**DIRECTIONS FOR THIS TASK**
Only the text of the records belongs in the answer, copied exactly, with every picture omitted.

Recorded data
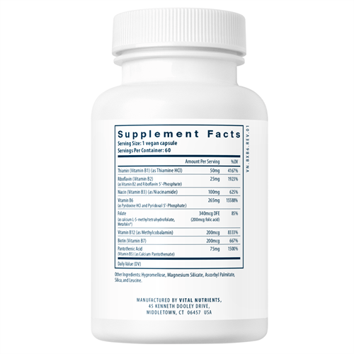B6 + B-Complex from Vital Nutrients combines a high dose of Vitamin B6 with a full spectrum of B vitamins to provide comprehensive support for female health and menstrual relief.* This formula aids in the metabolism of proteins, fats, and carbohydrates, and supports healthy nerve function.* Additionally, it helps in converting homocysteine, promoting heart health.* Ideal for addressing common menstrual cycle symptoms and supporting overall well-being.*
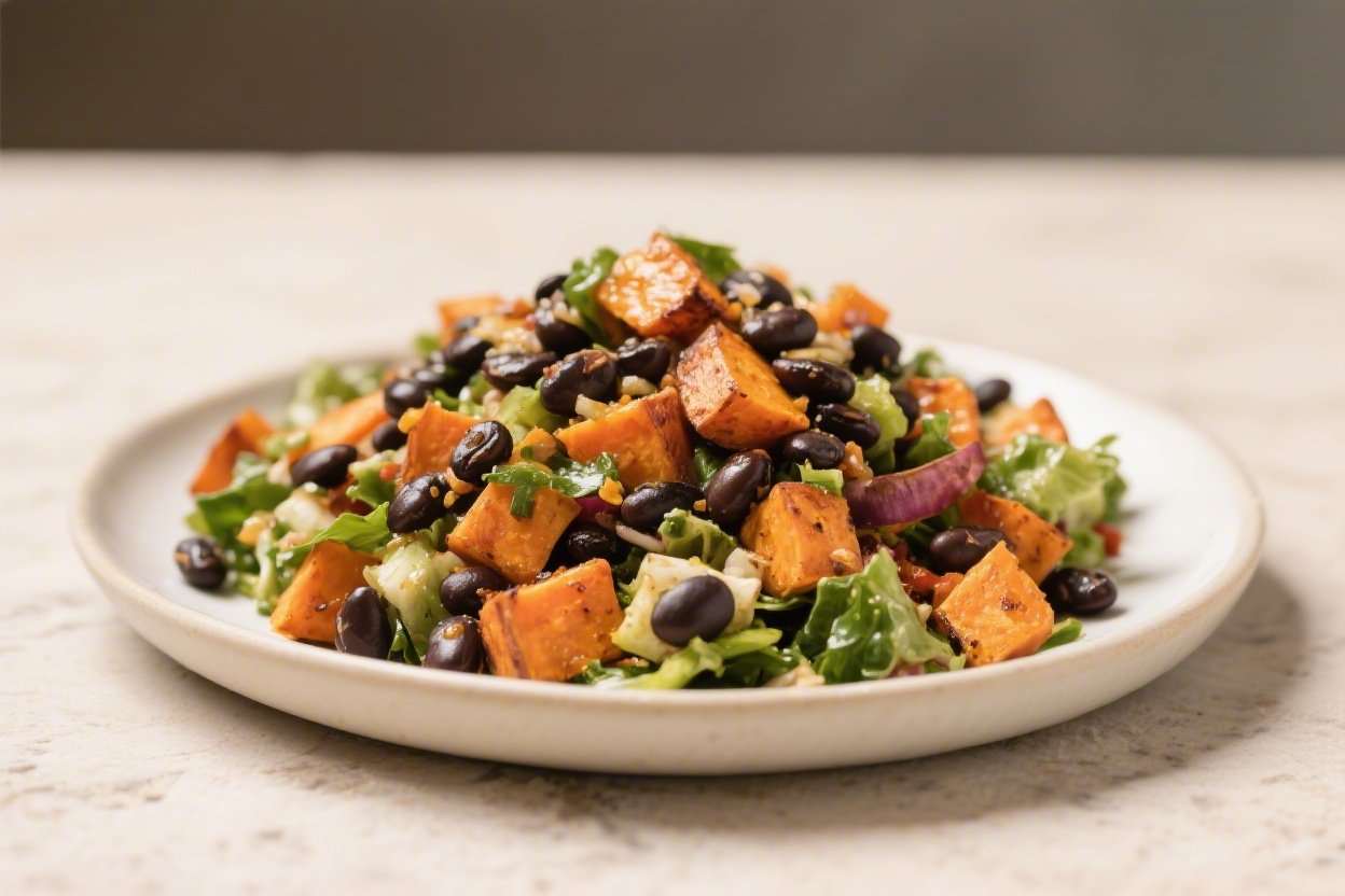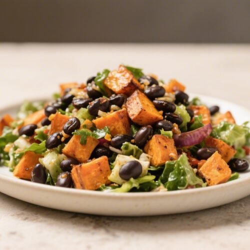 This salad brings together sweet, smoky, and zesty flavors in one colorful bowl. Roasted sweet potatoes pair beautifully with hearty black beans, crisp veggies, and a lively lime-cumin dressing. It’s easy to make, affordable, and filling enough for lunch or dinner.
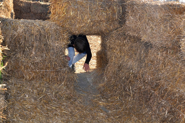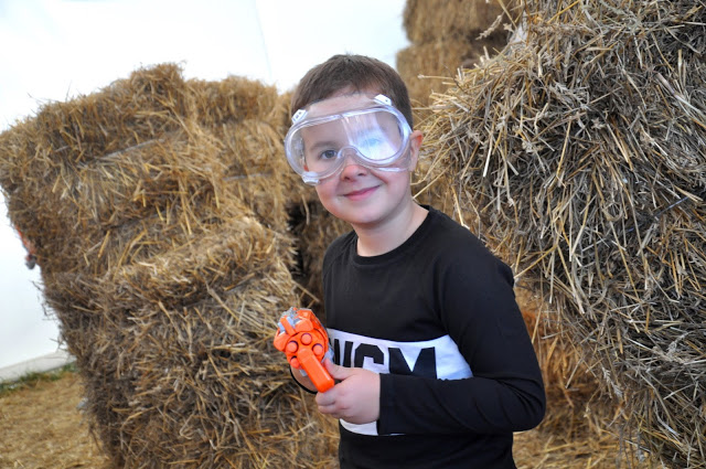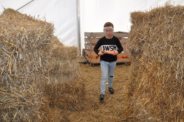 Poligon z kostek słomy i strzelanie do dyń z Nerfów
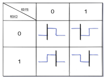 SPI有四种工作模式,取决于相位(CPHL)和极性(CPOL)两个因素。CPOL表示时钟线在空闲时候的状态
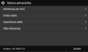 Šis ekrāns tiek parādīts, nospiežot [Statusa pārr.] ekrānā [Sākums] un citās atrašanās vietās.
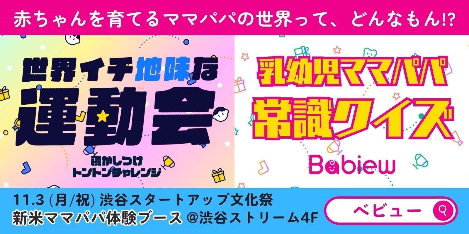 11/3(月・祝)渋谷に「ママ・パパ体験ブース」が登場! ベビーグッズの口コミサイトBabiewが渋谷スタートアップ文化祭に登場
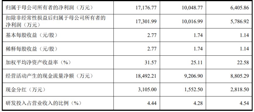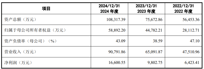 业绩方面,2022年至2024年(报告期内),公司营业收入分别为4.75亿元、6.51亿元和9.08亿元;归属于母公司所有者的净利润分别为0.64亿元、1.00亿元和1.72亿元。2024年,公司营收净利双增。
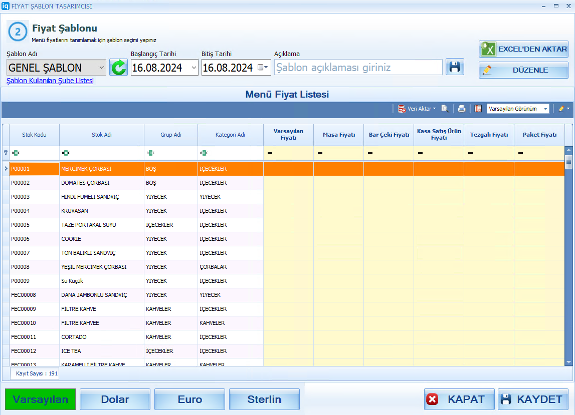 - Örneğin, tüm şubelerin aynı fiyat şablonunu kullanmasını istiyorsanız, bu modül üzerinden ilgili şablonu seçip tüm şubelere aynı anda uygulayabilirsiniz.
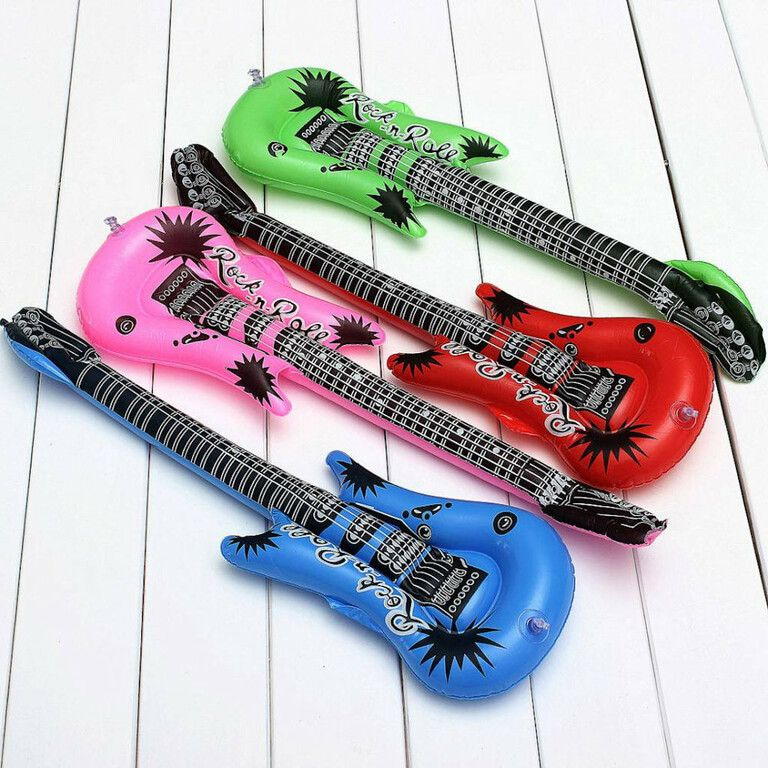 Nice inflatable guitars of 54 cm. High. Delivered in Mix colors.
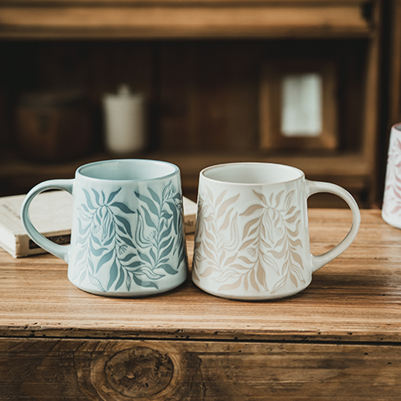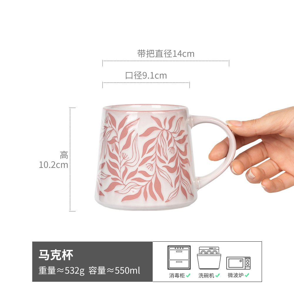 高颜值大容量马克杯手绘兰花杯陶瓷杯子批发家用水杯早餐杯咖啡杯
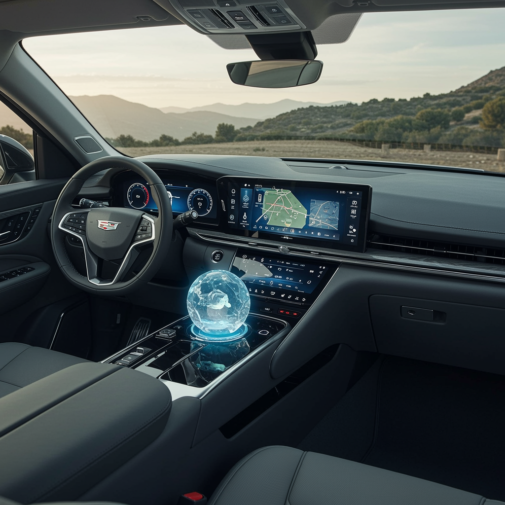 Envision a futuristic 2024 Cadillac Escalade interior where AI seamlessly integrates with luxurious design; imagine an elegant, spacious cabin bathed in soft ambient light, with responsive touchscreens that fluidly adjust to the driver's preferences. The dashboard exudes sophistication, featuring holographic displays that project navigation onto the windshield, while the AI assistant resides within a sculptural crystal orb in the center console, ready to anticipate the passengers' needs. The seats, upholstered in eco-friendly materials, adapt to body contours, and AI-generated art decorates the interior panels, offering an ever-changing gallery of digital masterpieces. The harmonious blend of technology and opulence immerses occupants in a serene yet cutting-edge environment.
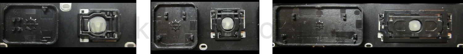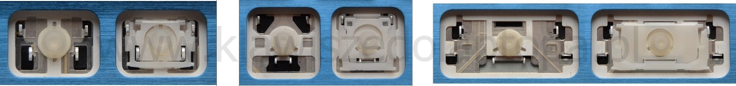 - Om het juiste model te kiezen, vergelijk de lege plek op jouw toetsenbord met de onderstaande foto’s, of verwijder de toets “A” – daaronder zit altijd een middelgrote clip.
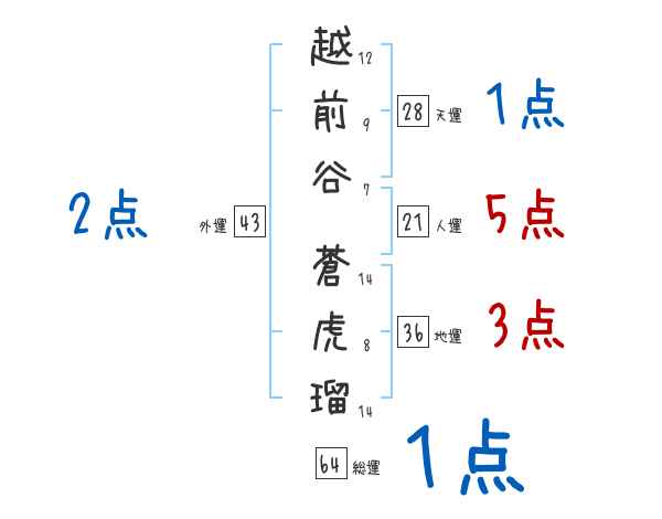 越前谷蒼虎瑠さんの画数の鑑定結果
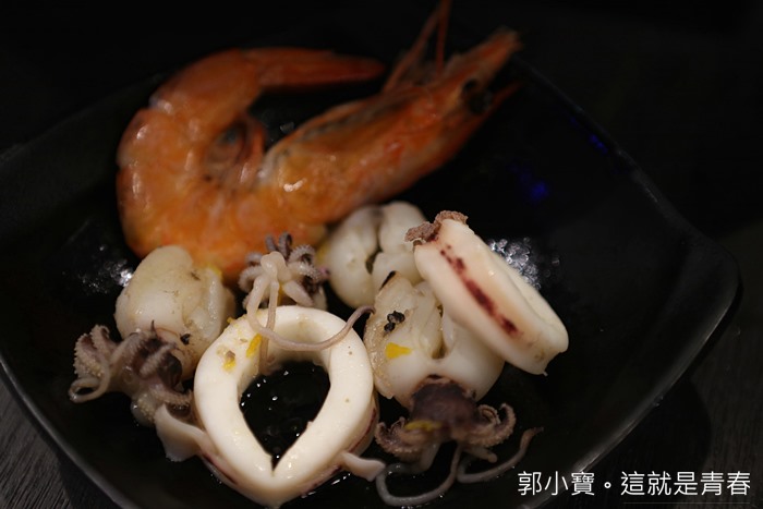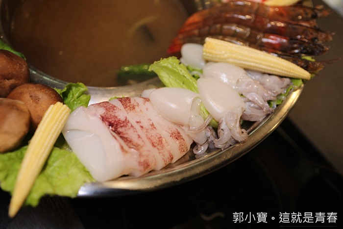 | 基本款的肉品跟海鮮通通都已經在鐵帽鍋上,鐵帽鍋上的肉品是美國胸腹肉肥牛,我個人還滿喜歡這樣的肥牛,還有我很喜歡的海鮮小章魚以及透抽,看起來都相當新鮮,量也給的不少。 |
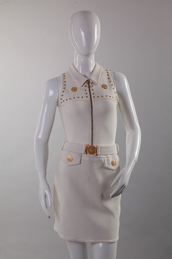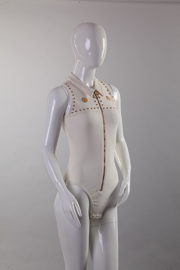 緊身連衫褲(Bodysuit),是一種覆蓋軀干及胯部的一件式合體衣, 流行于20 世紀(jì)八九十年代。緊身鏈衫褲和其他品類服裝的結(jié)構(gòu)區(qū)別在于,底襠處用欽紐、鉤袢閉合。這種緊身鏈衫褲不同于雜技或體操用專業(yè)運(yùn)動服,普通女性多將其用作內(nèi)衣、一般運(yùn)動裝或打底衫,并與裙、褲搭配使用。這件白色針織套裝包括襯衫領(lǐng)緊身連體褲及A 型短裙,是由成立于1995 年的美國紐約的品牌“馬斯科尼”出品。
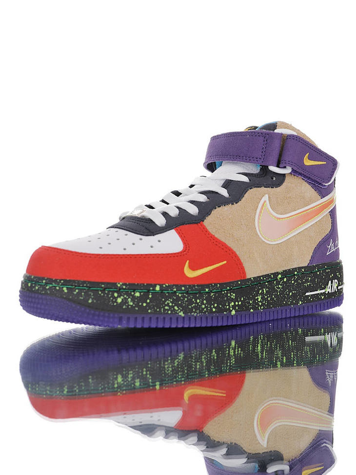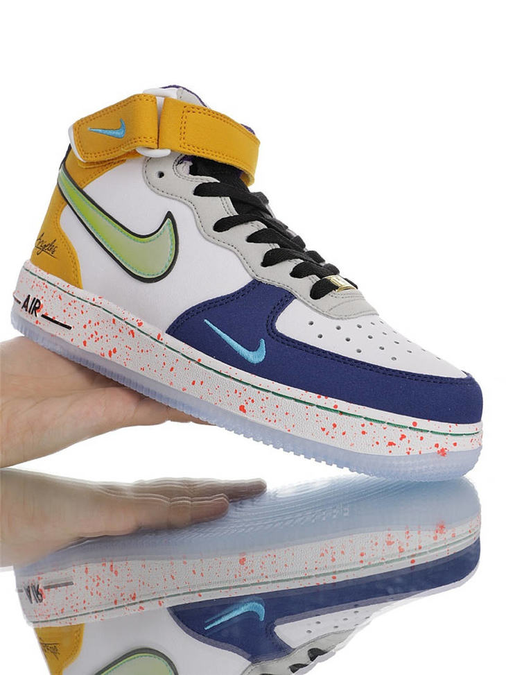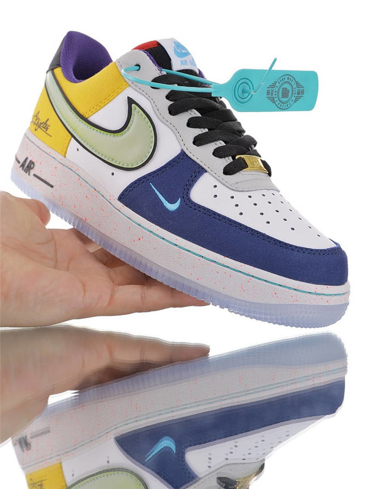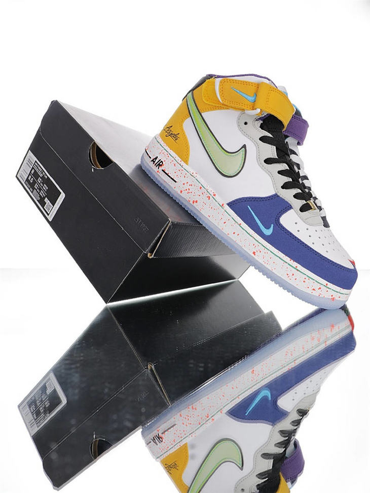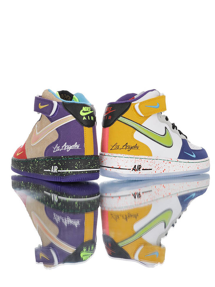 耐克 Nike Air Force 1"What The LA" 洛杉矶球队主题鞋款 原模具开发打造 硬质荔枝纹移膜革材质 内置全掌air sole气垫 洛杉矶彩虹拼接鸳鸯
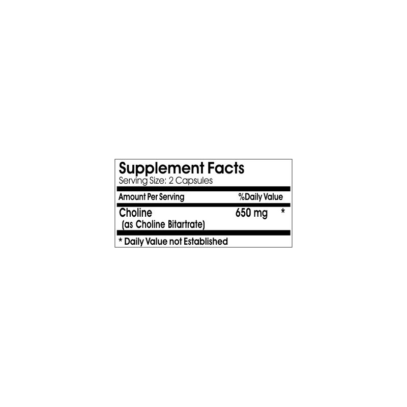 - Choline Bitartrate 650mg ~ 200 Capsules - No Additives ~ Naturetition Supplements

**RESULT FOR THIS EXERCISE**
B6 + B-Complex from Vital Nutrients combines a high dose of Vitamin B6 with a full spectrum of B vitamins to provide comprehensive support for female health and menstrual relief.* This formula aids in the metabolism of proteins, fats, and carbohydrates, and supports healthy nerve function.* Additionally, it helps in converting homocysteine, promoting heart health.* Ideal for addressing common menstrual cycle symptoms and supporting overall well-being.*
 This salad brings together sweet, smoky, and zesty flavors in one colorful bowl. Roasted sweet potatoes pair beautifully with hearty black beans, crisp veggies, and a lively lime-cumin dressing. It’s easy to make, affordable, and filling enough for lunch or dinner.
 Poligon z kostek słomy i strzelanie do dyń z Nerfów
 SPI有四种工作模式,取决于相位(CPHL)和极性(CPOL)两个因素。CPOL表示时钟线在空闲时候的状态
 Šis ekrāns tiek parādīts, nospiežot [Statusa pārr.] ekrānā [Sākums] un citās atrašanās vietās.
 11/3(月・祝)渋谷に「ママ・パパ体験ブース」が登場! ベビーグッズの口コミサイトBabiewが渋谷スタートアップ文化祭に登場
 业绩方面,2022年至2024年(报告期内),公司营业收入分别为4.75亿元、6.51亿元和9.08亿元;归属于母公司所有者的净利润分别为0.64亿元、1.00亿元和1.72亿元。2024年,公司营收净利双增。
 - Örneğin, tüm şubelerin aynı fiyat şablonunu kullanmasını istiyorsanız, bu modül üzerinden ilgili şablonu seçip tüm şubelere aynı anda uygulayabilirsiniz.
 Nice inflatable guitars of 54 cm. High. Delivered in Mix colors.
 高颜值大容量马克杯手绘兰花杯陶瓷杯子批发家用水杯早餐杯咖啡杯
 Envision a futuristic 2024 Cadillac Escalade interior where AI seamlessly integrates with luxurious design; imagine an elegant, spacious cabin bathed in soft ambient light, with responsive touchscreens that fluidly adjust to the driver's preferences. The dashboard exudes sophistication, featuring holographic displays that project navigation onto the windshield, while the AI assistant resides within a sculptural crystal orb in the center console, ready to anticipate the passengers' needs. The seats, upholstered in eco-friendly materials, adapt to body contours, and AI-generated art decorates the interior panels, offering an ever-changing gallery of digital masterpieces. The harmonious blend of technology and opulence immerses occupants in a serene yet cutting-edge environment.
 - Om het juiste model te kiezen, vergelijk de lege plek op jouw toetsenbord met de onderstaande foto’s, of verwijder de toets “A” – daaronder zit altijd een middelgrote clip.
 越前谷蒼虎瑠さんの画数の鑑定結果
 | 基本款的肉品跟海鮮通通都已經在鐵帽鍋上,鐵帽鍋上的肉品是美國胸腹肉肥牛,我個人還滿喜歡這樣的肥牛,還有我很喜歡的海鮮小章魚以及透抽,看起來都相當新鮮,量也給的不少。 |
 緊身連衫褲(Bodysuit),是一種覆蓋軀干及胯部的一件式合體衣, 流行于20 世紀(jì)八九十年代。緊身鏈衫褲和其他品類服裝的結(jié)構(gòu)區(qū)別在于,底襠處用欽紐、鉤袢閉合。這種緊身鏈衫褲不同于雜技或體操用專業(yè)運(yùn)動服,普通女性多將其用作內(nèi)衣、一般運(yùn)動裝或打底衫,并與裙、褲搭配使用。這件白色針織套裝包括襯衫領(lǐng)緊身連體褲及A 型短裙,是由成立于1995 年的美國紐約的品牌“馬斯科尼”出品。
 耐克 Nike Air Force 1"What The LA" 洛杉矶球队主题鞋款 原模具开发打造 硬质荔枝纹移膜革材质 内置全掌air sole气垫 洛杉矶彩虹拼接鸳鸯
 - Choline Bitartrate 650mg ~ 200 Capsules - No Additives ~ Naturetition Supplements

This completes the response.